■ TASK ITEM:
Retype the lines below exactly, but only those from the line that has "Bowknot Handbag |" through the line that has "Odporna nerjavna rezila". Omit every picture.

■ DATASET RECORDS:
____________

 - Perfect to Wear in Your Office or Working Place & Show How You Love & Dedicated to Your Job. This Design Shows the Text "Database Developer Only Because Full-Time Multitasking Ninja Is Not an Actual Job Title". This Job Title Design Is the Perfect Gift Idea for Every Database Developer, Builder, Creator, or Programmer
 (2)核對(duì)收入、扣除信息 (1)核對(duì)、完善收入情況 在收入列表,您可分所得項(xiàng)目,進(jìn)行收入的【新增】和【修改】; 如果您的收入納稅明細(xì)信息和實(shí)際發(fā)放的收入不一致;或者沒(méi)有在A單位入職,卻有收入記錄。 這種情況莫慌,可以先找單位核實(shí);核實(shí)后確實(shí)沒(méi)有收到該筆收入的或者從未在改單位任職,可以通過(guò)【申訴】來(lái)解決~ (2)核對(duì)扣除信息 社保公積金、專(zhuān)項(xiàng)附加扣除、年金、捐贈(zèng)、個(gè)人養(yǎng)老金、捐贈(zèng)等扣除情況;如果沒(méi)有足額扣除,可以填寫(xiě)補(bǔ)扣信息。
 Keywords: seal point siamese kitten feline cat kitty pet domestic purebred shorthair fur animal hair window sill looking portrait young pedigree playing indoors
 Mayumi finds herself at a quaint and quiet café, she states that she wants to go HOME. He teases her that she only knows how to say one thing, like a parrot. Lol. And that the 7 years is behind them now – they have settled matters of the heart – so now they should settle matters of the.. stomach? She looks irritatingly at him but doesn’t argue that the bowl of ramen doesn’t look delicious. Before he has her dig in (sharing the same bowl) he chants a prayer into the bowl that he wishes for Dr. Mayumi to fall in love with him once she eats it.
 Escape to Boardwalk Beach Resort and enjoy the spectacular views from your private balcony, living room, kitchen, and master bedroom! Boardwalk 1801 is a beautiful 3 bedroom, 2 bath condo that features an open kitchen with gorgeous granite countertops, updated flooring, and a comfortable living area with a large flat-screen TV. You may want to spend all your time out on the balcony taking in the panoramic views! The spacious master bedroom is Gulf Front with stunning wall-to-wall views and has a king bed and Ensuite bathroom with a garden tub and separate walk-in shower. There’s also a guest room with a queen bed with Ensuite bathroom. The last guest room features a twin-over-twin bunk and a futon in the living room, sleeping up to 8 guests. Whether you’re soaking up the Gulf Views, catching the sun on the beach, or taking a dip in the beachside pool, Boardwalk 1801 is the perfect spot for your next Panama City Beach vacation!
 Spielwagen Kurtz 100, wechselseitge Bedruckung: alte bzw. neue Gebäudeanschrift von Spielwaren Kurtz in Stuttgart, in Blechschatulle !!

____________

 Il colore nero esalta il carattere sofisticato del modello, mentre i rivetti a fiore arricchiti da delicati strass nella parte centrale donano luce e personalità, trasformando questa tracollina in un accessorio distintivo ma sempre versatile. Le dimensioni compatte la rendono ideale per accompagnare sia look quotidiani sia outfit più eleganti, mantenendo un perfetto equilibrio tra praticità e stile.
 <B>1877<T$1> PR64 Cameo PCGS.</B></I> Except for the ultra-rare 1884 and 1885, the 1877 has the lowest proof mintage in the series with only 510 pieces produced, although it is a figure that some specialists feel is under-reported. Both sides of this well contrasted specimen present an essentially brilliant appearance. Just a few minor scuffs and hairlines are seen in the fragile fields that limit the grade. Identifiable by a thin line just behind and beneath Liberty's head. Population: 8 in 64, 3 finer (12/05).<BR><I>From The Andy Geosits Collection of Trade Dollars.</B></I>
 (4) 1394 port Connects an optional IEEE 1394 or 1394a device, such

____________

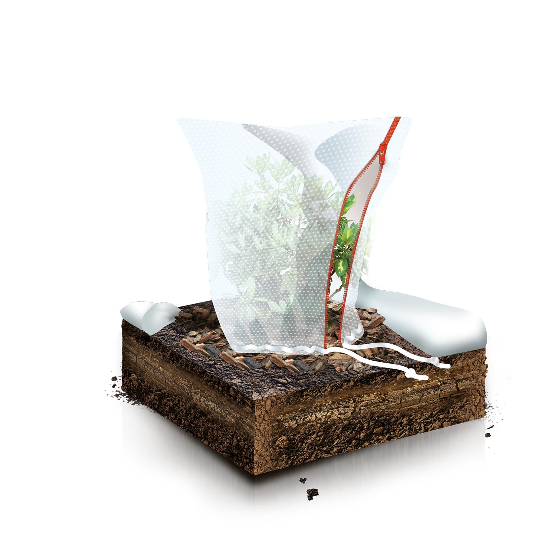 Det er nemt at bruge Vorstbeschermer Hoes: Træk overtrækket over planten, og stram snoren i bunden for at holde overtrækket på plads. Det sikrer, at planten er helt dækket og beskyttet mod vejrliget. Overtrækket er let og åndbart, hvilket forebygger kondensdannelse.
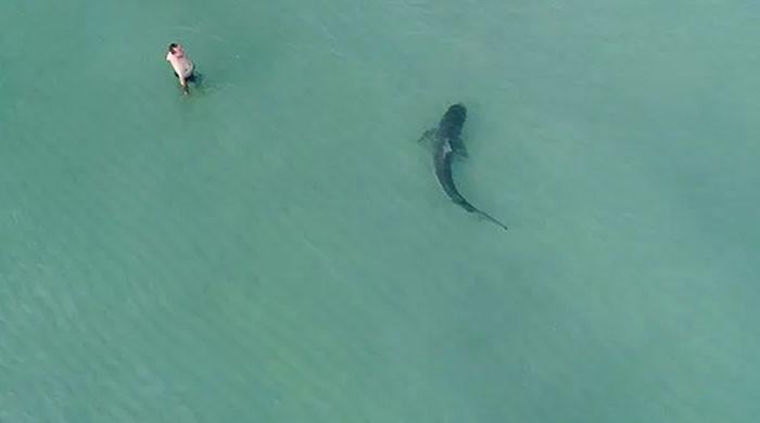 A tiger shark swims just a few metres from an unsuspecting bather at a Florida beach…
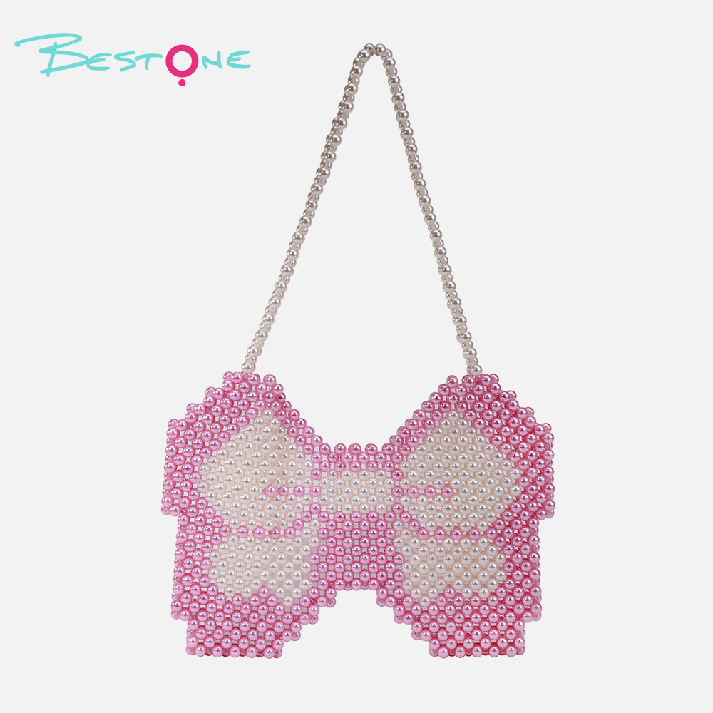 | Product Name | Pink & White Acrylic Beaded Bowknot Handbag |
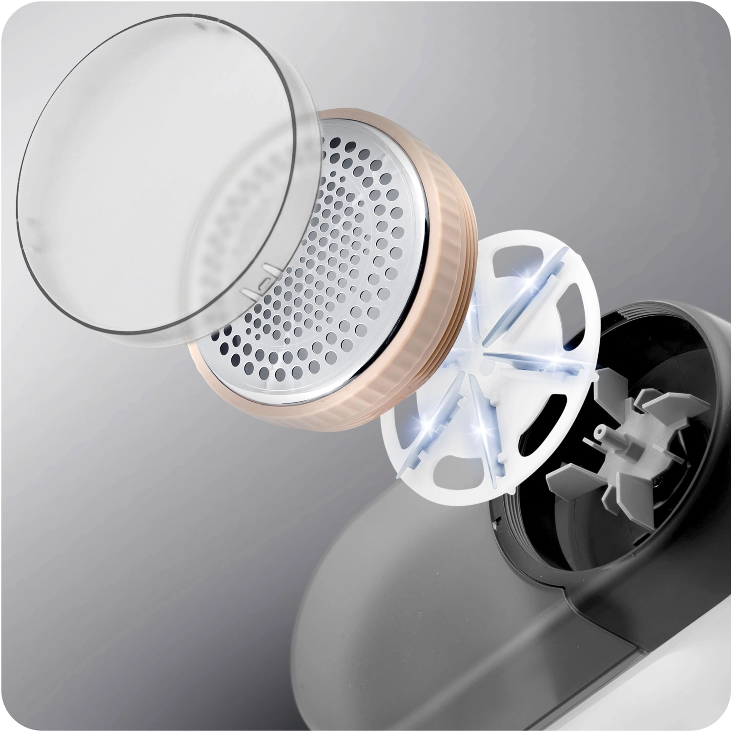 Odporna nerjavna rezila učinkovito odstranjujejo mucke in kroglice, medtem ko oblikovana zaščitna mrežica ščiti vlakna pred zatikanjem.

____________

■ EXERCISE RESULT:
 | Product Name | Pink & White Acrylic Beaded Bowknot Handbag |
 Odporna nerjavna rezila učinkovito odstranjujejo mucke in kroglice, medtem ko oblikovana zaščitna mrežica ščiti vlakna pred zatikanjem.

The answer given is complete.